Korea’s Ministry of Oceans and Fisheries and its US counterpart have agreed to launch a feasibility study on creating a green shipping route between Busan, Korea’s largest seaport, and the Seattle-Tacoma ports in December.

The decision follows an agreement between the two countries to cooperate in a push for carbon neutrality at the 2022 United Nations Climate Change Conference, more commonly referred to as COP 27, held in Egypt earlier this month.

The US government proposed establishing the green cargo shipping corridor and Korea accepted it, industry sources said on Wednesday.

Launching green shipping routes is a global initiative to achieve carbon neutrality in the shipping industry by 2050.

Major shipping players such as the US, UK and several European countries are striving to take the lead in the industry’s efforts to reduce maritime carbon emissions.

With transoceanic cargo shipping rapidly growing and the COVID-19 pandemic exacerbating port congestions, port pollution, alongside increasing amounts of climate, air and ocean pollution, has become a big issue among governments and port authorities.

Green corridors are maritime routes that showcase low- and zero-emission lifecycle fuels and technologies with the ambition to achieve zero greenhouse gas emissions across all aspects of the corridor in support of sector-wide decarbonization no later than 2050.

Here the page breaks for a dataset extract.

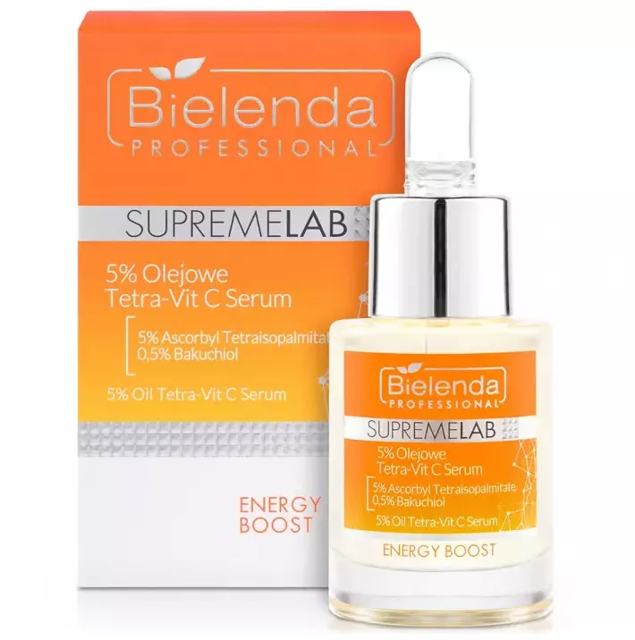 Bielenda Professional Supremelab, Energy Boost 5%, olejowe serum Tetra-Vit C to innowacyjny kosmetyk, który rozświetli i rozjaśni Twoją skórę, pomagając w walce z przebarwieniami. Regularne stosowanie serum nie tylko ujednolici koloryt, ale także ochroni skórę przed procesem fotostarzenia. Dzięki unikatowemu połączeniu ultrastabilnej witaminy C oraz kwasu ferulowego, serum gwarantuje skuteczność i rewelacyjne efekty dla Twojej skóry.

As a signatory to the Clydebank Declaration launched at COP 26 last year, the UK has promised to launch six green corridors on some of the world’s busiest shipping routes by 2026.

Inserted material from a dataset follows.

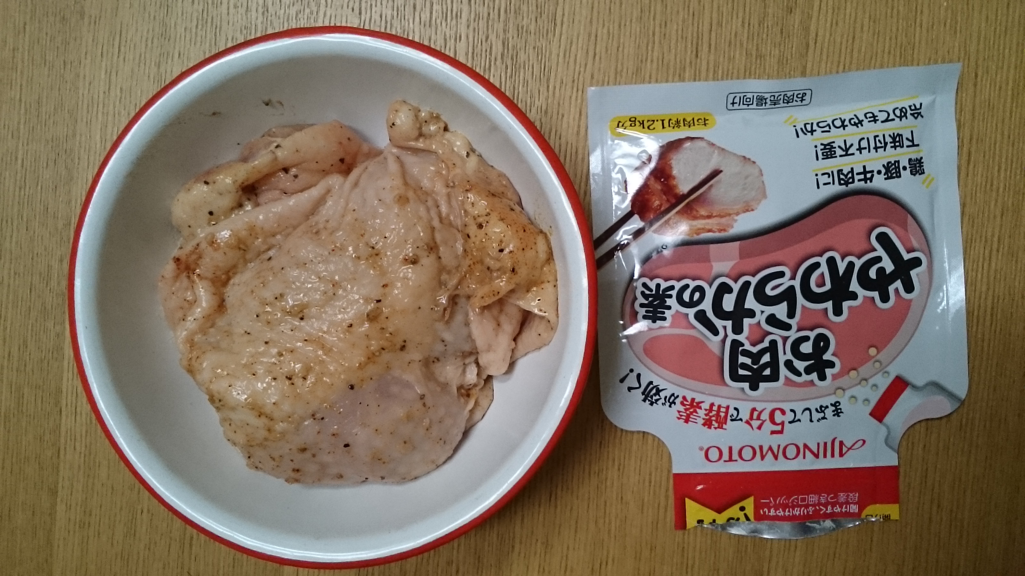 あらかじめ鶏モモ肉にニンニクを良く揉み込んでおく。

In response, the US, at this year’s COP 27, unveiled the Green Shipping Challenge, which aims to create 10 green corridors over the next decade.

Through the campaign, the US plans to increase the proportion of its carbon-free ships to 5% of the world’s ocean-going fleet by 2030 and to transport 10% of cargo by carbon-free ships.

If the Busan-Seattle/Tacoma route is realized, it would become the world’s third green shipping corridor following two similar announcements by other countries – the Los Angles-Shanghai route and the Singapore-Rotterdam route.

The creation of a green shipping route also requires transoceanic ships to use low-carbon or non-carbon fuels such as methanol, ammonia and hydrogen as well as building a new bunkering, or marine fuel supply, infrastructure.

In this process, analysts said international technologies and standards are established, and countries at the forefront of the decarbonization efforts will likely emerge as new powers in the shipping industry.

Toward this end, the Korean government said it will actively cooperate with the International Maritime Organization (IMO) in working out carbon-emission regulations and clean fuel systems. Korea plans to turn 528 public and private ships into carbon-free, eco-friendly vessels.

It is important to take the lead in building a new international technology standard symbolized by the green routes,” said Minister of Oceans and Fisheries Cho Seung-hwan.